--- Data excerpts ---

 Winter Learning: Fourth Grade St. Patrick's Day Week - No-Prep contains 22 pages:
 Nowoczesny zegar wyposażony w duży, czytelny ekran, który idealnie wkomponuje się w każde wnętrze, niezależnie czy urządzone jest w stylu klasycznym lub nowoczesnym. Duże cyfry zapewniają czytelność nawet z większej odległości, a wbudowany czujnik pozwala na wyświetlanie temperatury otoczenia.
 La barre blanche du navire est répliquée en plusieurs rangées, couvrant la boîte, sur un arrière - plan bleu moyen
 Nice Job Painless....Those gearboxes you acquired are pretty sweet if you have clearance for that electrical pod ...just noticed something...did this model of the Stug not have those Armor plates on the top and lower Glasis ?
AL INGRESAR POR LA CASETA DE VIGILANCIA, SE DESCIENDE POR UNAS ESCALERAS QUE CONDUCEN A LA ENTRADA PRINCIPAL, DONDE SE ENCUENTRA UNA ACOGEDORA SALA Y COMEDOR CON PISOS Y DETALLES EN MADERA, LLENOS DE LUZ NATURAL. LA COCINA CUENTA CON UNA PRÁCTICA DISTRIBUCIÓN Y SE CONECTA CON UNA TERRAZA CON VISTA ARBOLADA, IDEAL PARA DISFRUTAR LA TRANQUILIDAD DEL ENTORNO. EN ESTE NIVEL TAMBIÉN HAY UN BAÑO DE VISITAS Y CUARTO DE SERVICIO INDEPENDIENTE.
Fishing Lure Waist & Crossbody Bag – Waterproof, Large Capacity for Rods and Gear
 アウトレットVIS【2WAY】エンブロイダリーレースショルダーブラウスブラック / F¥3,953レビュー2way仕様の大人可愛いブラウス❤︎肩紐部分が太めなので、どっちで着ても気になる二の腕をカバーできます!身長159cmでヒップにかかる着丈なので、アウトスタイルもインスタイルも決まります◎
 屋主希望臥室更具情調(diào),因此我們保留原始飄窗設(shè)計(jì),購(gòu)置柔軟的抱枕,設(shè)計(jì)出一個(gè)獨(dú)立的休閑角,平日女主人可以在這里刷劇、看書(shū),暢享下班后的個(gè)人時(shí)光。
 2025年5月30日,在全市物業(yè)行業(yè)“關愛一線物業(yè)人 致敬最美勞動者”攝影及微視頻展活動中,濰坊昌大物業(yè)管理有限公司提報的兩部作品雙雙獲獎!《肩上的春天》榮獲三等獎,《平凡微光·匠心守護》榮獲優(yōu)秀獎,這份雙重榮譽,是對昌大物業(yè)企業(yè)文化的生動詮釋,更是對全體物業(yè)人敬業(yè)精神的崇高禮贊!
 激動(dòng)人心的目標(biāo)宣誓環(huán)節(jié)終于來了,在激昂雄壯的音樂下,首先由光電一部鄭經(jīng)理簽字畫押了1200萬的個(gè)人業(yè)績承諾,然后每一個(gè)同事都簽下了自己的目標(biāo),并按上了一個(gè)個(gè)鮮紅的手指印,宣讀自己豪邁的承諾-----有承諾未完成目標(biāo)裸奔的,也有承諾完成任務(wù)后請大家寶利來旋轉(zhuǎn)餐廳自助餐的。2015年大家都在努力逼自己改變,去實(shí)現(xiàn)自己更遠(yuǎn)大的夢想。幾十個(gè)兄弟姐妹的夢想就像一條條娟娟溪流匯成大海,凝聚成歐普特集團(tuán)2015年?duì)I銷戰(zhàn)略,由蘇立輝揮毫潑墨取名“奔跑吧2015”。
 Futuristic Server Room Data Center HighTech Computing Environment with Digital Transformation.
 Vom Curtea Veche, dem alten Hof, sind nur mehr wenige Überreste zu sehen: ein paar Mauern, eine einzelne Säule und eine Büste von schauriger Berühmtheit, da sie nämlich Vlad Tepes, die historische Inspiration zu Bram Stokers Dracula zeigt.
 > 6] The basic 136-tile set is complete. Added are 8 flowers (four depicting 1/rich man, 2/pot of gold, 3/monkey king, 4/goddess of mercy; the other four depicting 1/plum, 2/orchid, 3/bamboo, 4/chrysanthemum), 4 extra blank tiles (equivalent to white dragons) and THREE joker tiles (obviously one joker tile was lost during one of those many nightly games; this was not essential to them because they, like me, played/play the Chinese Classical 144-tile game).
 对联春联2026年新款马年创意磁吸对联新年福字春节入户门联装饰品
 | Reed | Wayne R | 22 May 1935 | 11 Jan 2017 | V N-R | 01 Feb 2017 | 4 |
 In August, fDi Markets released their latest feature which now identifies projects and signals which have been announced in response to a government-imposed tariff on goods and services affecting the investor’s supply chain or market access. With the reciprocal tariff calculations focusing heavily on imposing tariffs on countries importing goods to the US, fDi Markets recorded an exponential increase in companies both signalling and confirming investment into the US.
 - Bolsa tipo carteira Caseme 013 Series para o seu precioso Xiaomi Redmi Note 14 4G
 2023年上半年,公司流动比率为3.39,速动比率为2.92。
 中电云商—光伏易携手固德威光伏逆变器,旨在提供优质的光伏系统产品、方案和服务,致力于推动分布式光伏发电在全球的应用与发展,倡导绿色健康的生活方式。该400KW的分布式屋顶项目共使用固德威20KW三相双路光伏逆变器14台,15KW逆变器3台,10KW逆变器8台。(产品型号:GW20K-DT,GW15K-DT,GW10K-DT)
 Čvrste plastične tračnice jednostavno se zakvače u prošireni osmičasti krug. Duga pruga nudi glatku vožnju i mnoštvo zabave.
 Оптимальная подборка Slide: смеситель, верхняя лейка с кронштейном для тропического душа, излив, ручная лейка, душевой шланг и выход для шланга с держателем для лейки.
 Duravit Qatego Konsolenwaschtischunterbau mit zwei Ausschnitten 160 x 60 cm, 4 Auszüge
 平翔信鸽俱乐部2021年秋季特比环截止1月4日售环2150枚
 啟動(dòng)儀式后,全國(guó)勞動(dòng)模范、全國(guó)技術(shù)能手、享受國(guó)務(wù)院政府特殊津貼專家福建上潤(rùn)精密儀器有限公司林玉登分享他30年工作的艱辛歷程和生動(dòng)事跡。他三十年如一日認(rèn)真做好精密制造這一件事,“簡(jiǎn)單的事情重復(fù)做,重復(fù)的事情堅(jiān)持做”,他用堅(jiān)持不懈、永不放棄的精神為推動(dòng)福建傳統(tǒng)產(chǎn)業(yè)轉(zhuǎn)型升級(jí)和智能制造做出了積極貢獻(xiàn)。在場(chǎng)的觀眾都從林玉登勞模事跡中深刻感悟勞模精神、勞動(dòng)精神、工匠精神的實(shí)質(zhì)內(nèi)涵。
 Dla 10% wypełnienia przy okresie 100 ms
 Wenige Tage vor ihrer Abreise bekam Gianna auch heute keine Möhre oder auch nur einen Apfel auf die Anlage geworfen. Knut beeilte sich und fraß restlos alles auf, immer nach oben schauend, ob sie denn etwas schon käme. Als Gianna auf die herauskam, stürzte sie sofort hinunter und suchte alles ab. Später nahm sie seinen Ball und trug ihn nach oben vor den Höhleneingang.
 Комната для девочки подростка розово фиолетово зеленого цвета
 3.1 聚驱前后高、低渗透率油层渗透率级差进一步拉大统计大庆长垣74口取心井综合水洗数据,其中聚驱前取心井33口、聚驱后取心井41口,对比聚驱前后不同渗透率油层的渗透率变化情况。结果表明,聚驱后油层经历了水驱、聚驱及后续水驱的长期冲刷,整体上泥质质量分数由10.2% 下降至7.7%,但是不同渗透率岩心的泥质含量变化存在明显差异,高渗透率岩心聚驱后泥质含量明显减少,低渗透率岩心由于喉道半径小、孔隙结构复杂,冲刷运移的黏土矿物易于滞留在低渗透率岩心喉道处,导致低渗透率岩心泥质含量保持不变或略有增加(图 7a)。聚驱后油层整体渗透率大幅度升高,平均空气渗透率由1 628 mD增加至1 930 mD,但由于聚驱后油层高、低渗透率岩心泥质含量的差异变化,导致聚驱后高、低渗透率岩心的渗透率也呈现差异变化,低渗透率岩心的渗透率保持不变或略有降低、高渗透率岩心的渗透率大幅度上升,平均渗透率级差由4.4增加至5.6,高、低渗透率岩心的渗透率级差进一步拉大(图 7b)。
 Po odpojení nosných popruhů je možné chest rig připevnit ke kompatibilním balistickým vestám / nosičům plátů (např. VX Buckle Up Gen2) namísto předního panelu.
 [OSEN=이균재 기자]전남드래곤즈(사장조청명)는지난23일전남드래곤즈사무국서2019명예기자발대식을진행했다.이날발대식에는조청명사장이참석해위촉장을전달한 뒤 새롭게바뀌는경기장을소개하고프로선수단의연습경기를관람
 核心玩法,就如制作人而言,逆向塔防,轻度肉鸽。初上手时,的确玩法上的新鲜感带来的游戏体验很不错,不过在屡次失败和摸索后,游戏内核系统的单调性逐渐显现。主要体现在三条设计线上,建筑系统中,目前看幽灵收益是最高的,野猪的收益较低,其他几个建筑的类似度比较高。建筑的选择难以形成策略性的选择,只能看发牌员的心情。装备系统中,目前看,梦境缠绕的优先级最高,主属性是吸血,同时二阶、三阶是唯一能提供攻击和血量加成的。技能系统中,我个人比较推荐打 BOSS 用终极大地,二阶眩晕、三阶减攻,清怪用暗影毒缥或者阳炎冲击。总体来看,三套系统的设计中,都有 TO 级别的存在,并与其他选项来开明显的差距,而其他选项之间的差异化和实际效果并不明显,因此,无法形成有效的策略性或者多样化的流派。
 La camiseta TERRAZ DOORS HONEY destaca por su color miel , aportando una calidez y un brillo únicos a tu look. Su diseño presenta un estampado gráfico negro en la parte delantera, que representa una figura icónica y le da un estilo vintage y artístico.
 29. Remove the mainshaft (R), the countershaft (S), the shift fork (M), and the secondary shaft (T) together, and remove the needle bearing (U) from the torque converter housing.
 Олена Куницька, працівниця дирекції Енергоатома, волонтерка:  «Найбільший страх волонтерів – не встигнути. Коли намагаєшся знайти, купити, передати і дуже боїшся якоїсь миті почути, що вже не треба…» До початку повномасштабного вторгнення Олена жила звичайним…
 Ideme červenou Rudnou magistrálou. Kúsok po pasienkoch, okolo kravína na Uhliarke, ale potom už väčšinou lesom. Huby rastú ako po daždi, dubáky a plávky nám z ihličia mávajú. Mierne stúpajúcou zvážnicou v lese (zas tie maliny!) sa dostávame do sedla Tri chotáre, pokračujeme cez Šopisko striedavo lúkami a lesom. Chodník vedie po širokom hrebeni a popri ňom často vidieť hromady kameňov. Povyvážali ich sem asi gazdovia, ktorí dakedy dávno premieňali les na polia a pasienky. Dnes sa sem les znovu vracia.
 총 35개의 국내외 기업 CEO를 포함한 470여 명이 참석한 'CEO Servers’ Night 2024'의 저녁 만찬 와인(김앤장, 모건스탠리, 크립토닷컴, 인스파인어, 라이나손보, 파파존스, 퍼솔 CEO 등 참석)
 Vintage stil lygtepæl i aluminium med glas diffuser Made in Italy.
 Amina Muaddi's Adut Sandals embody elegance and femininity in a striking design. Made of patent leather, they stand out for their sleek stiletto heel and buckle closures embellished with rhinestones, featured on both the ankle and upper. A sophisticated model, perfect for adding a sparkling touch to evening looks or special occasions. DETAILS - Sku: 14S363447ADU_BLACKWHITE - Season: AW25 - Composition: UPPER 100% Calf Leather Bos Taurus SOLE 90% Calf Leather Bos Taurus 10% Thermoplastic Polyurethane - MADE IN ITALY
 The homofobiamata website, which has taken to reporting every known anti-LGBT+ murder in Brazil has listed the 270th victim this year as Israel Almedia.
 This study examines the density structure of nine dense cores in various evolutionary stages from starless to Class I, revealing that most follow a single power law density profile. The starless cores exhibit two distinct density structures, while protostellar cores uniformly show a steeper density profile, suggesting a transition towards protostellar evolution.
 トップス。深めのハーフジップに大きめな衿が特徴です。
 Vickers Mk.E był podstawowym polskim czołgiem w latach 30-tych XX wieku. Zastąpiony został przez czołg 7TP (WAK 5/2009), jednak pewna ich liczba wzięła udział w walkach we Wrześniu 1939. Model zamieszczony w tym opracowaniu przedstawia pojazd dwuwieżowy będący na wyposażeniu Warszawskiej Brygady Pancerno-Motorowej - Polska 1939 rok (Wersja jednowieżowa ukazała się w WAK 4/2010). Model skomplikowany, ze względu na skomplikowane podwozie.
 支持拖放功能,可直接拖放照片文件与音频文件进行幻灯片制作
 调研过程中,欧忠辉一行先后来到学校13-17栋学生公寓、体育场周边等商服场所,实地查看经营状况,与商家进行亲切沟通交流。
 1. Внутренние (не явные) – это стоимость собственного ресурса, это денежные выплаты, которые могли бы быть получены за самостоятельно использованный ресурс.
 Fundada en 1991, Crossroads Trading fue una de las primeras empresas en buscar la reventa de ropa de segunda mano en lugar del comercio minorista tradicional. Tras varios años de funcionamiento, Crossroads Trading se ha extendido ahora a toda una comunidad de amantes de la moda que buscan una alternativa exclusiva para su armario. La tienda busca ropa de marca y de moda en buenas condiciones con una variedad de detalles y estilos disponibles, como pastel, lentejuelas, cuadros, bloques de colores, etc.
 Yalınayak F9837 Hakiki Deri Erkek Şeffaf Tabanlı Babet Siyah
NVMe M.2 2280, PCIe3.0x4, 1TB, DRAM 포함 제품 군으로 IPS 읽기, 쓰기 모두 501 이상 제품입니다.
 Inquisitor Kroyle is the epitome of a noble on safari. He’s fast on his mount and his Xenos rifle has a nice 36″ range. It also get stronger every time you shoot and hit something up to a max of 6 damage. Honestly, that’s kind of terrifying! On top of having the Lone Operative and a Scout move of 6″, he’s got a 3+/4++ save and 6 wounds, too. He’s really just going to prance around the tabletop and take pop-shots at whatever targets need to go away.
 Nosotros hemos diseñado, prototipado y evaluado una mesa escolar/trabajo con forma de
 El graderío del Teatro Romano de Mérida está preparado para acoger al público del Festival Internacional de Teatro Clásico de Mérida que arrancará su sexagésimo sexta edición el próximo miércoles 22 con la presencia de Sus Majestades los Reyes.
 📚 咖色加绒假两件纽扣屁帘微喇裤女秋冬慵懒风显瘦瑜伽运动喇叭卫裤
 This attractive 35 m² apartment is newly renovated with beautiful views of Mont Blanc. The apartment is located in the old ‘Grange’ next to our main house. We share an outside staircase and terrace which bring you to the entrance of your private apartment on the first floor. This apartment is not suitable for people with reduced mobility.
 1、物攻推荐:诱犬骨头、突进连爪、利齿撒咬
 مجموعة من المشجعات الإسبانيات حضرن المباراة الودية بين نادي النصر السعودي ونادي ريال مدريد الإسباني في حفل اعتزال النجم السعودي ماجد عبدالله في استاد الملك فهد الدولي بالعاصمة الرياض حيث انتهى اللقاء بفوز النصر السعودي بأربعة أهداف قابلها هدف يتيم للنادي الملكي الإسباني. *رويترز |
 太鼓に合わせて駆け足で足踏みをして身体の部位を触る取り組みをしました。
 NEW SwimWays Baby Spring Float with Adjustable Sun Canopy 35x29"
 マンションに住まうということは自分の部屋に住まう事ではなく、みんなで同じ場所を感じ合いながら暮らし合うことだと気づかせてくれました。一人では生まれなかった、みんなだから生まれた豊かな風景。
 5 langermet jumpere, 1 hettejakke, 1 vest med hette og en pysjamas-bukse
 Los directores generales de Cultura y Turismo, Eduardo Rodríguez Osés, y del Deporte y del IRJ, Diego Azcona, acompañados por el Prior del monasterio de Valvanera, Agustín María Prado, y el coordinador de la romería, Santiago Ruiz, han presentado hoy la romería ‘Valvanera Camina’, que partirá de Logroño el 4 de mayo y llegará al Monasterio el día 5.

--- EXERCISE REQUIREMENTS ---
Repeat every line exactly, starting with the first line of the entries, and stop once the line containing "2025年5月30日,在全市" has been given.

--- TASK RESPONSE ---
 Winter Learning: Fourth Grade St. Patrick's Day Week - No-Prep contains 22 pages:
 Nowoczesny zegar wyposażony w duży, czytelny ekran, który idealnie wkomponuje się w każde wnętrze, niezależnie czy urządzone jest w stylu klasycznym lub nowoczesnym. Duże cyfry zapewniają czytelność nawet z większej odległości, a wbudowany czujnik pozwala na wyświetlanie temperatury otoczenia.
 La barre blanche du navire est répliquée en plusieurs rangées, couvrant la boîte, sur un arrière - plan bleu moyen
 Nice Job Painless....Those gearboxes you acquired are pretty sweet if you have clearance for that electrical pod ...just noticed something...did this model of the Stug not have those Armor plates on the top and lower Glasis ?
AL INGRESAR POR LA CASETA DE VIGILANCIA, SE DESCIENDE POR UNAS ESCALERAS QUE CONDUCEN A LA ENTRADA PRINCIPAL, DONDE SE ENCUENTRA UNA ACOGEDORA SALA Y COMEDOR CON PISOS Y DETALLES EN MADERA, LLENOS DE LUZ NATURAL. LA COCINA CUENTA CON UNA PRÁCTICA DISTRIBUCIÓN Y SE CONECTA CON UNA TERRAZA CON VISTA ARBOLADA, IDEAL PARA DISFRUTAR LA TRANQUILIDAD DEL ENTORNO. EN ESTE NIVEL TAMBIÉN HAY UN BAÑO DE VISITAS Y CUARTO DE SERVICIO INDEPENDIENTE.
Fishing Lure Waist & Crossbody Bag – Waterproof, Large Capacity for Rods and Gear
 アウトレットVIS【2WAY】エンブロイダリーレースショルダーブラウスブラック / F¥3,953レビュー2way仕様の大人可愛いブラウス❤︎肩紐部分が太めなので、どっちで着ても気になる二の腕をカバーできます!身長159cmでヒップにかかる着丈なので、アウトスタイルもインスタイルも決まります◎
 屋主希望臥室更具情調(diào),因此我們保留原始飄窗設(shè)計(jì),購(gòu)置柔軟的抱枕,設(shè)計(jì)出一個(gè)獨(dú)立的休閑角,平日女主人可以在這里刷劇、看書(shū),暢享下班后的個(gè)人時(shí)光。
 2025年5月30日,在全市物業(yè)行業(yè)“關愛一線物業(yè)人 致敬最美勞動者”攝影及微視頻展活動中,濰坊昌大物業(yè)管理有限公司提報的兩部作品雙雙獲獎!《肩上的春天》榮獲三等獎,《平凡微光·匠心守護》榮獲優(yōu)秀獎,這份雙重榮譽,是對昌大物業(yè)企業(yè)文化的生動詮釋,更是對全體物業(yè)人敬業(yè)精神的崇高禮贊!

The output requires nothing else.